The attempt by Hernandez to clinch a second term was divisive in the poor Central American country.

Honduras is still trying to overcome the after effects of a 2009 coup that ensued when former President Manuel Zelaya, an ally of late Venezuelan leader Hugo Chavez, proposed a referendum on lifting term limits.

Zelaya was at Nasralla's side on Monday morning. As coordinator and, many believe, the true power in the Alliance, Zelaya would be a major beneficiary if Nasralla wins.

Zelaya was ditched amid fears he was plotting to adopt socialist policies in Honduras, a country where a conservative business class wields enormous power. The United States wrestled with how to handle the coup, and Zelaya remains a bogeyman for U.S. officials and many of Honduras' elite.

"We won," Zelaya wrote on Twitter.

The son of a wealthy landowner, Zelaya nearly returned to political prominence in the 2013 election, when his wife, Xiomara Castro, lost out to Hernandez. With his big black mustache and penchant for cowboy hats, he is a larger than life personality who splits opinion.

Several members of the country's business elite told Reuters that Zelaya's reputation for being a rabble rouser was ill-founded and out of date. Instead, they said, he was simply opportunistic, adding that the United States disliked him for being "chaotic" and untrustworthy.

Nasralla, on the other hand, is one of the country's best known faces as the host of game shows featuring scantily-clad women by his side. With his booming voice and finely coiffed hair, he looked poised to be the latest entertainment star in the Americas to breach the upper echelons of political power.

Like U.S. President Donald Trump, Nasralla's bid resonated with voters tired of two-party dominance.

Polls, including one released after voting ended on Sunday, had shown Hernandez likely to easily win a second term that would have made him the first president re-elected since Honduras shed military rule nearly four decades ago. The bid was made possible by a contentious 2015 decision by the Supreme Court.

After the results were announced, Hernandez delivered a brief statement, reiterating that he had won, and urging supporters to wait for fresh results to come in from rural areas, where he enjoys greater support.

FIGHT AGAINST GANGS

Nasralla promises to put an end to years of violence, poverty and graft, and says he will ask the United Nations to install an anti-graft body, similar to one operating in Guatemala, to probe and bring charges in corruption cases.

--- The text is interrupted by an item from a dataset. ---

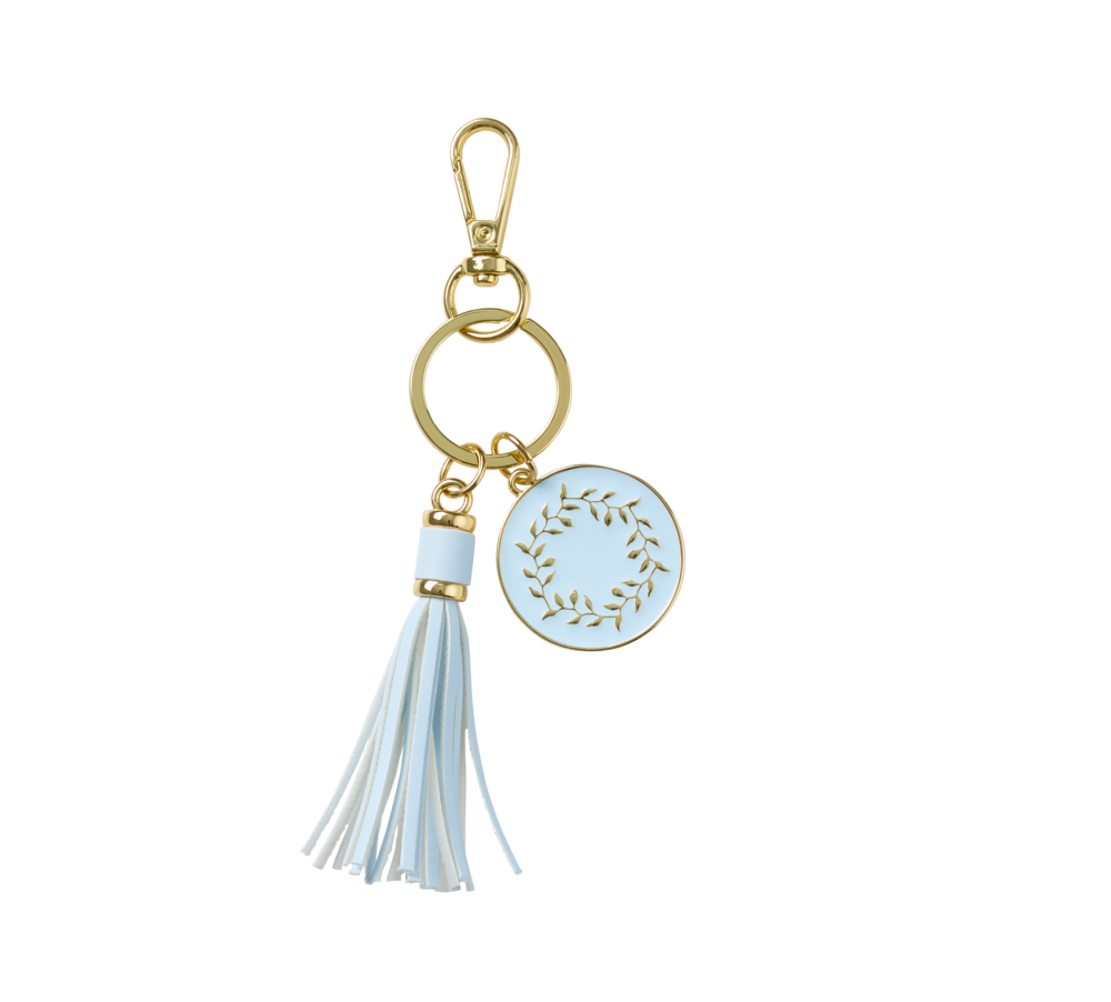 Add a little bit of flair to your pencil cases, bags or keys with this elegant keyring from the Noted Belle range. Featuring a pastel blue tassel and wreath charm.

He would maintain the Military Police created by Hernandez but wants to start a community police force to work in violent slums. He would also continue firing corrupt national police officers, while hiring up to 25,000 new recruits.

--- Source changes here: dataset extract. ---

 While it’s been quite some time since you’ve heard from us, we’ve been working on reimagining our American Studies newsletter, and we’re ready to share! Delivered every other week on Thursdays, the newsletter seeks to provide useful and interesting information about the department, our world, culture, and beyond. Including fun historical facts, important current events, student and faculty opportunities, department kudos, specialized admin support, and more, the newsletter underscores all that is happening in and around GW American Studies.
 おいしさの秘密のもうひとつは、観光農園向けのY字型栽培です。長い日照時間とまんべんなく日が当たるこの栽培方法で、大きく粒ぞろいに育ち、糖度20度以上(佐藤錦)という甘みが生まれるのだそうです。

Plans for the economy are vague, but the coalition has proposed lowering sales tax and slashing a Hernandez-imposed corporate levy that has enraged the private sector.

Hernandez, 49, has been credited with lowering a sky-high murder rate, accelerating economic growth and cutting the deficit since he took office in 2014, but has also been hurt by accusations of ties to drug and graft-stained financing and claims he is plotting a power grab.